Aranar at the start of the Third Chapter was a melting pot of diverse religious fervour and competing princedoms. It took several centuries of war, during which time the first clan identities began to be forged, for the folk of Aranar to arrive at a solution which might promise peace. The Avarian Tournament, now named the Hamid Tournament, would become an annual event to elect a ruler who would govern all the clans for a year. Thus, all would be involved in the decision and no one leader would be permitted to rule for very long.
Over the centuries, as the clans became more established, this system crystallised into the peculiar Aranese method that determined the rulership for millennia to come. At first elected by chosen representatives, ceaseless quarrelling meant that the Jeantar, as this office became known, had to win his place, rather than be elected. He did so by winning more points in the Tournament than any other. The Jeantar then defended his title against all comers the next summer, ceding power to another if he lost, but prolonging his tenure by another year if he won. In this way peace and unity was achieved, power being swapped around between the competing clans by endless generations of chivalric knights.
The folk of Aranar could, at times, come together and fight as one for some great cause. The First War of Kurundar was one such event, when Jeantar Mirhorn I of the Eagle Clan led a great cavalry north to join the great alliance of nations that overthrew the power of Urunmar. By and large, though, these events were rare, and Aranar mostly concentrated on internal affairs and exhausted its energies on ceaseless tourneying.
Aranar did participate in the short-lived experiment of the Great Union, an attempt at collaborative government for all the Free Peoples, but when it went awry she returned to her old ways quickly. Apart from brief flurries of civil war, Aranar was largely peaceful until the rise of the Silver Empire, when Lancearon sought to subdue the whole of Astrom, thinking he alone could unite the Free Peoples against the returning threat of Kurundar. Aranar resisted this design and fought stubbornly to preserve its independence.

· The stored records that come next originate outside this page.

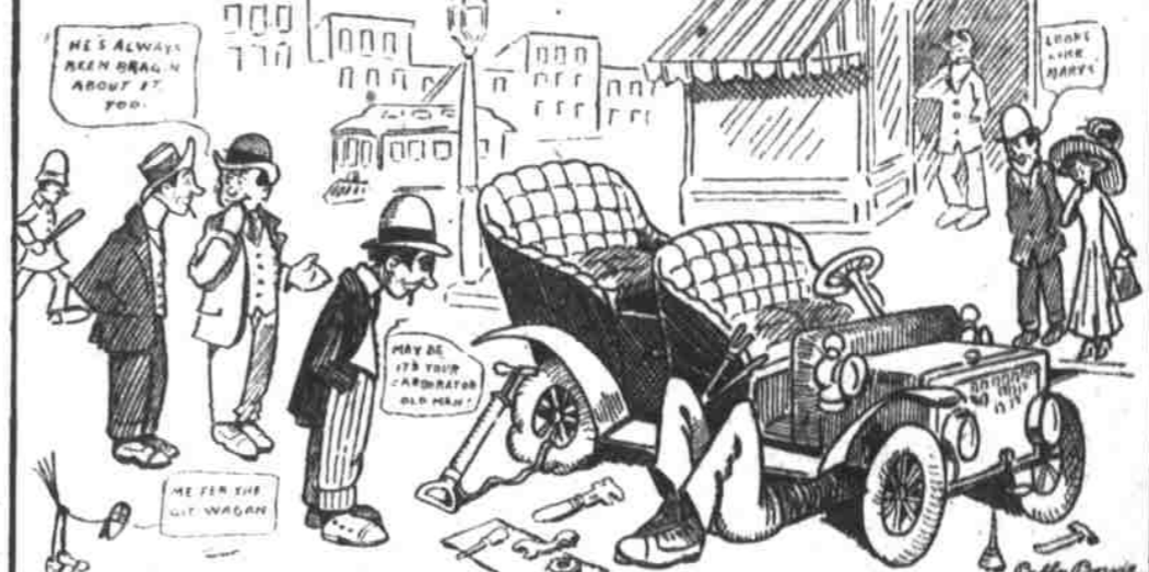
And How it "Acts Up" in Town When You are Trying to Show Off.
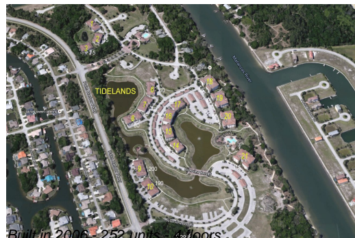
Built in 2006 - 252 units - 6 floors
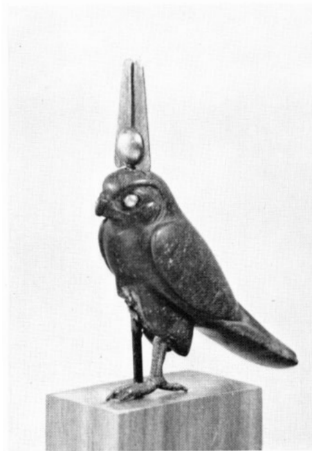
Fig. 4. Lapis lazuli hawk Otis Norcross Fund

ivory figurine is perhaps the most difficult to date while the little wooden antelopes are the easiest. Complete wooden combs are known which show this happy use of animal forms that often decorated toilet articles in the New Kingdom. In our case the teeth of both combs have been broken away, leaving only the upper part of the frame of the comb under the animal on the right of Fig. 1. The excellence of the carving suggests that these may have been made in the 18th Dynasty around 1400 B.C. when this sort of decorative work was at its height.

The result was a slow, inexorable, but incomplete conquest of Aranar whereby the western half of the realm fell under imperial sway, but the eastern part remained free and febrile. Some clans submitted to Lancearon, but others only stopped fighting his legions when the Second War of Kurundar broke out at the end of the Third Chapter. Far more successful than in the First War, this time Kurundar overran most of Aranar, reaching even to the Vanri, and the desperate coalition of empire and free clans was barely sufficient to prevent him going further. Only a superhuman effort by the Free Peoples, belatedly aided by Maristonia under its newly restored King Curillian, defeated Kurundar a second time.
The Silver Empire was a spent force by the time Aranar was liberated, and so it was not long afterwards that Lancearon’s forces retreated back across the Elarim, leaving Aranar independent once more, scarred but free. The clans resumed their old way of life, competing annually to become Jeantar against a backdrop of ever-shifting clan fortunes. In the Fourth Chapter Aranar had troubles with Dorzandian hill-men and Harracks, but then Kurundar arose again to make the whole world look north. Such was the hour when the invite arrived at the Jeantar’s Palace, bidding the horse-lords come and compete at the Tournament of Oron Amular.